There was a rather long silence after that, and then Atwater, one of our psychologists, said uneasily, “I am not sure I believe it. You know, I have investigated every test and every report on telepathy ever published in this country, and as much as I could gather and translate of what was published in other parts of the world—the Duke experiments and all the rest of it. None of it, absolutely none of it, was dependable, and absolutely none of it gave any provable or reliable or even believable evidence or indication that such a thing as mental telepathy exists. You know, we have measured brain waves. We know how tiny and feeble they are—it just seems to me utterly fantastic that brain waves can be a means of communication.”
“Hold on there,” said Tupper, an experimental physicist. “The seemingly obvious linkage of brain waves with telepathy is rather meaningless, you know. If telepathy exists, it is not a result of what we call brain waves of the tiny electric pattern that we are able to measure. It’s quite a different type of action, in a different manner on a wholly different level of physical reality. Just what that level is, I have no idea. But one of the things we are learning more
and more certainly in physics is that there are different levels of reality, different levels of action and interaction of force and counterforce, so we cannot dispose of telepathy by citing brain waves.”
“But how about the statistical factor?” Rhoda Lannon, a mathematician, argued. “If this faculty existed, even as a potential in mankind, is it conceivable that there would be no recorded instance of it? Statistically it must have emerged not once but literally thousands of times.”

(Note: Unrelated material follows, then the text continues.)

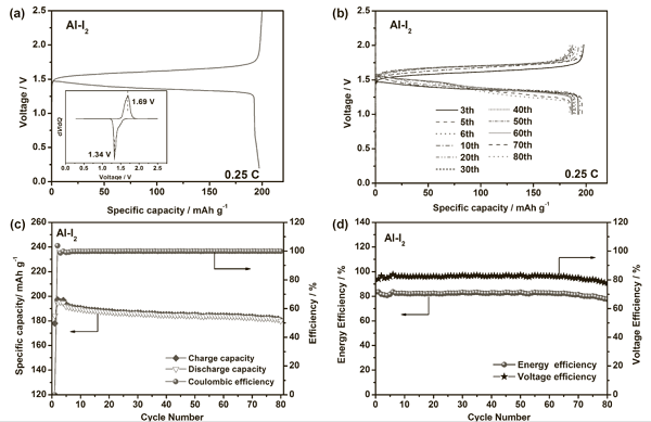 b-d)在测量的80个循环中,典型的放电/充电曲线,容量和库仑效率以及Al-I2 RFB的能量/电压效率

“Maybe it has been recorded,” said Fleming, one of our historians. “Can you take all the whippings and burnings and hangings of history, all the witches, the demigods, the magicians, the alchemists, and determine which of these were telepaths and which were not? Also, there is another way of looking at it. Suppose one telepath alone is totally impotent. Suppose we need two telepaths to make it work, and suppose there is a limited distance over which two telepaths can operate. Then the statistical factor becomes meaningless and the accident becomes virtually impossible.”
“I think that all in all I agree at least to some extent with Dr. Goldbaum,” Mark said. “The children are becoming telepaths. It seems to me there is no question about that; it is the only sensible explanation for what Jean and I witnessed. If you argue, and with reason, that our children do not “react to right and wrong and have no” real understanding of right and wrong, then we must also add that they are equally incapable of lying. They have no understanding of the lie, of the meaning of the lie or of the necessity of the lie. So, if they told me that they heard what is not spoken, I have to believe them. I am not moved by an historical argument or by a statistical argument, because our concentration here is the environment and the absolute singularity of our environment. I speak of an historical singularity. There is no record in all of human history of a similar group of unusual children being raised in such an environment. Also, this may be—and probably is—a faculty of man which must be released in childhood, or remain permanently blocked. I believe Dr. Haenigson here will bear me out when I say that mental blocks imposed during childhood are not uncommon.”